## ASSIGNMENT
From the entries below, please output exactly the lines starting at the one containing "Американская норка имитирует" and ending at the one containing "Guard DJ Davis", both included.

## SUPPLIED ENTRIES
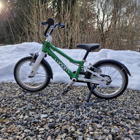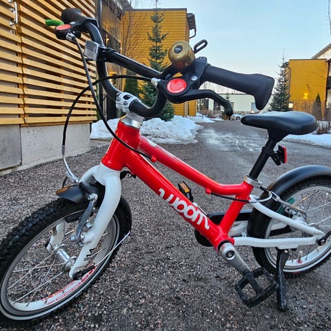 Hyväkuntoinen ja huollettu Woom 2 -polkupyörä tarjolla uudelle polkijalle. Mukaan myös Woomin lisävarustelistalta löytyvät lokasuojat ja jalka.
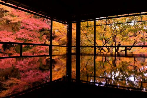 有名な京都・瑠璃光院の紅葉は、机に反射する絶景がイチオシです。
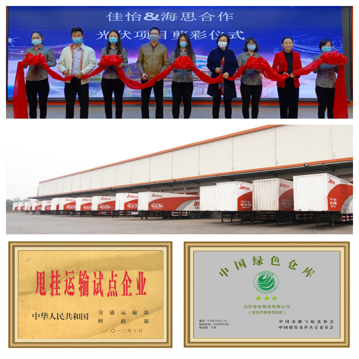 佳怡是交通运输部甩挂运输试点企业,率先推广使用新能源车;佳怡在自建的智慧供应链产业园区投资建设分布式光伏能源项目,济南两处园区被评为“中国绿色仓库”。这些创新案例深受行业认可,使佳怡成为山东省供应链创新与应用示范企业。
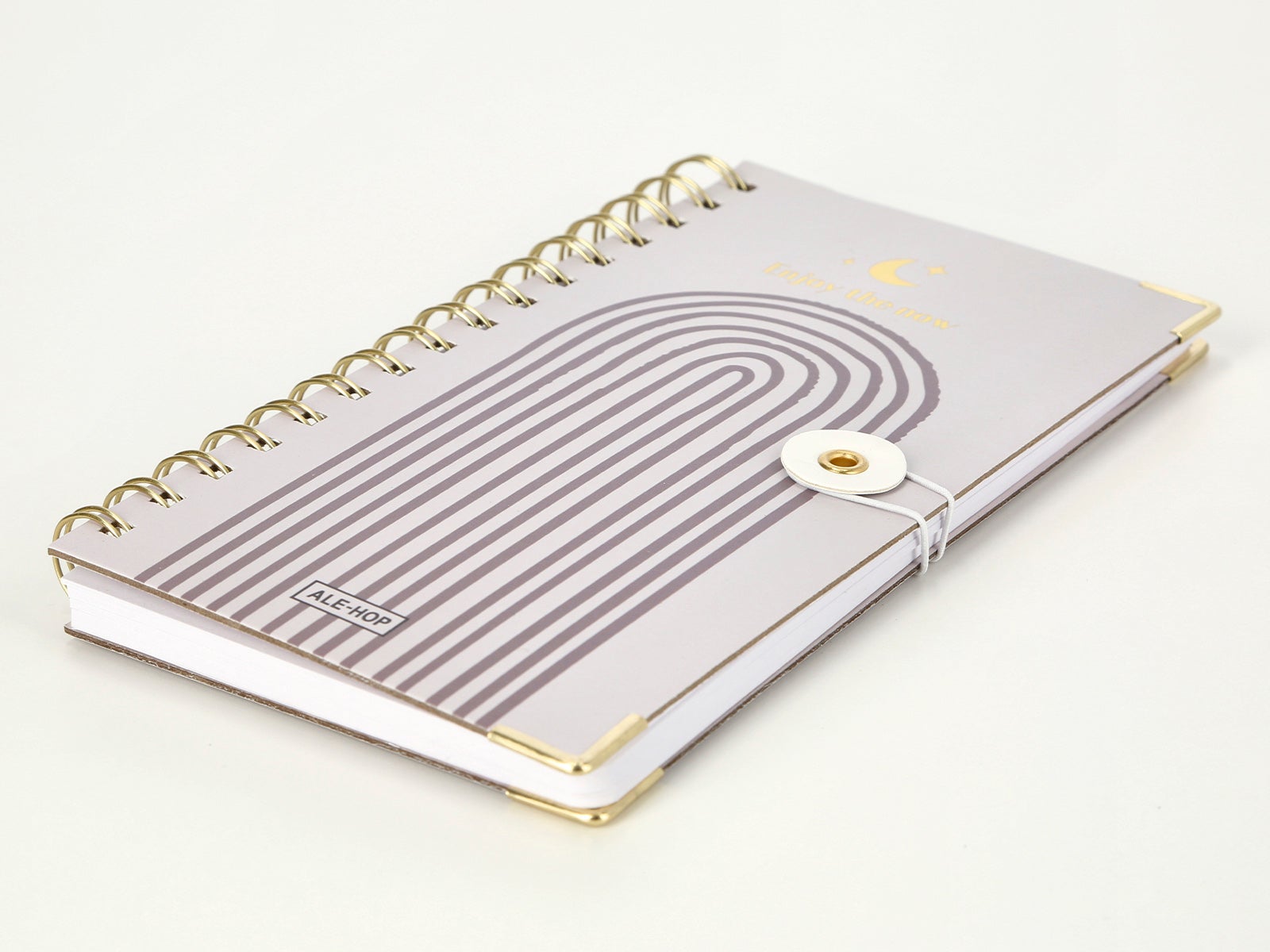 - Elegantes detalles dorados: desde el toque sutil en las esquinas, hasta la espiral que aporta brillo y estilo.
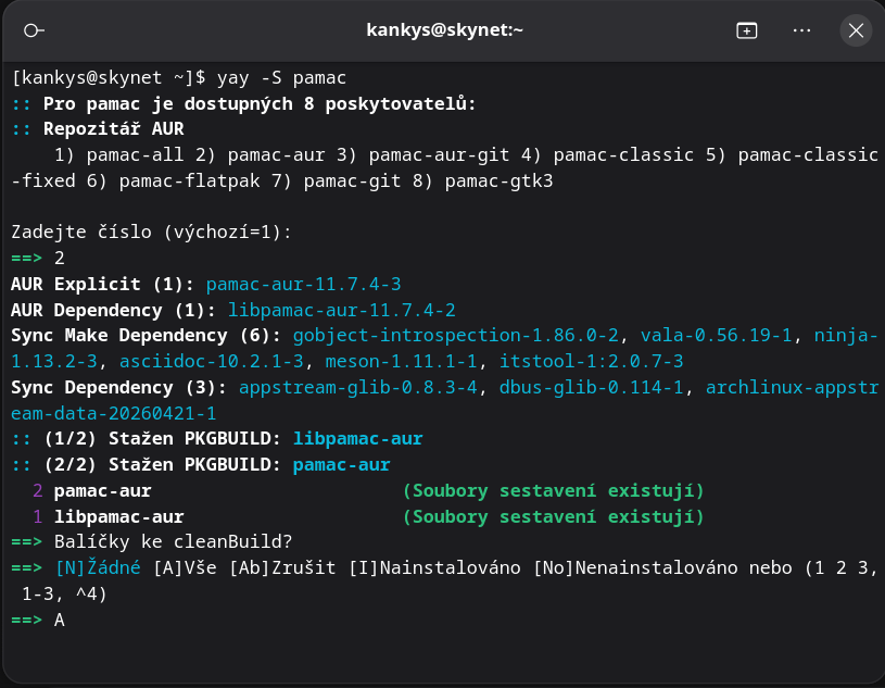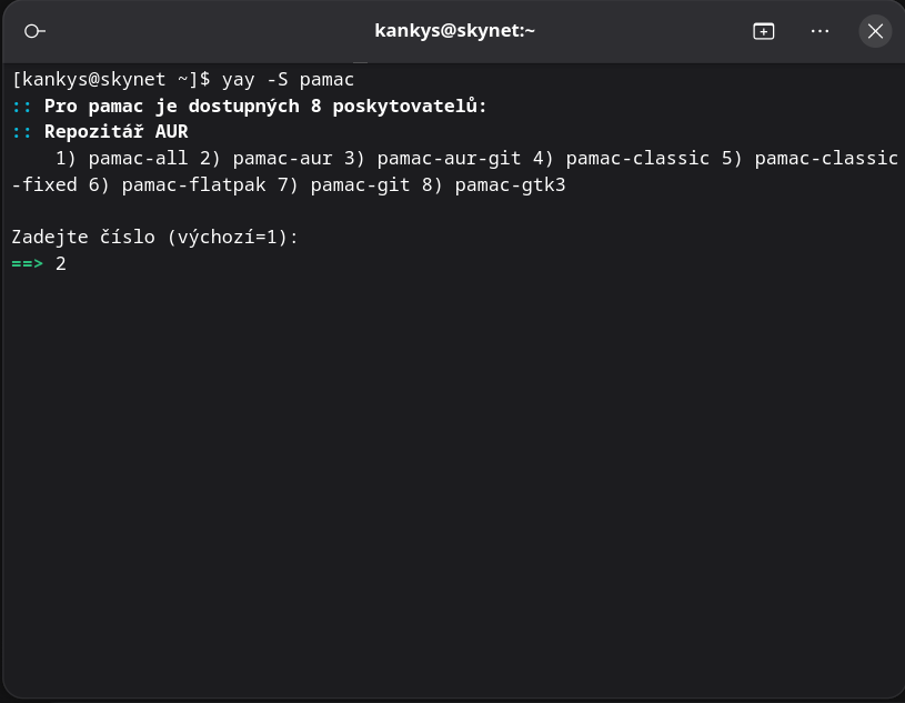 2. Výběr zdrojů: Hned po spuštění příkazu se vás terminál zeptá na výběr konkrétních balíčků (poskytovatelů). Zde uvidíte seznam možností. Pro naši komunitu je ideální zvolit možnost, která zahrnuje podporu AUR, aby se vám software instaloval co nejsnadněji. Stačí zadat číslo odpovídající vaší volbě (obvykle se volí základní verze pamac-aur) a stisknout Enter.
* * *
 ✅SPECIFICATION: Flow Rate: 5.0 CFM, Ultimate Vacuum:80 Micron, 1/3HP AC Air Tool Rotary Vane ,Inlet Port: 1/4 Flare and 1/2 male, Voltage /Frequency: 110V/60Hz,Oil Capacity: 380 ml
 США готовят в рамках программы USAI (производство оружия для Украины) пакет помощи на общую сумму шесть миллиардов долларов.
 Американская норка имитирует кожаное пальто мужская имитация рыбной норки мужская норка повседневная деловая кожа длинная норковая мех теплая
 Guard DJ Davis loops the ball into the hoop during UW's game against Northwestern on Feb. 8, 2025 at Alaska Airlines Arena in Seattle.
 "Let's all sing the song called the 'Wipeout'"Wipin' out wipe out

## EXERCISE RESPONSE
 Американская норка имитирует кожаное пальто мужская имитация рыбной норки мужская норка повседневная деловая кожа длинная норковая мех теплая
 Guard DJ Davis loops the ball into the hoop during UW's game against Northwestern on Feb. 8, 2025 at Alaska Airlines Arena in Seattle.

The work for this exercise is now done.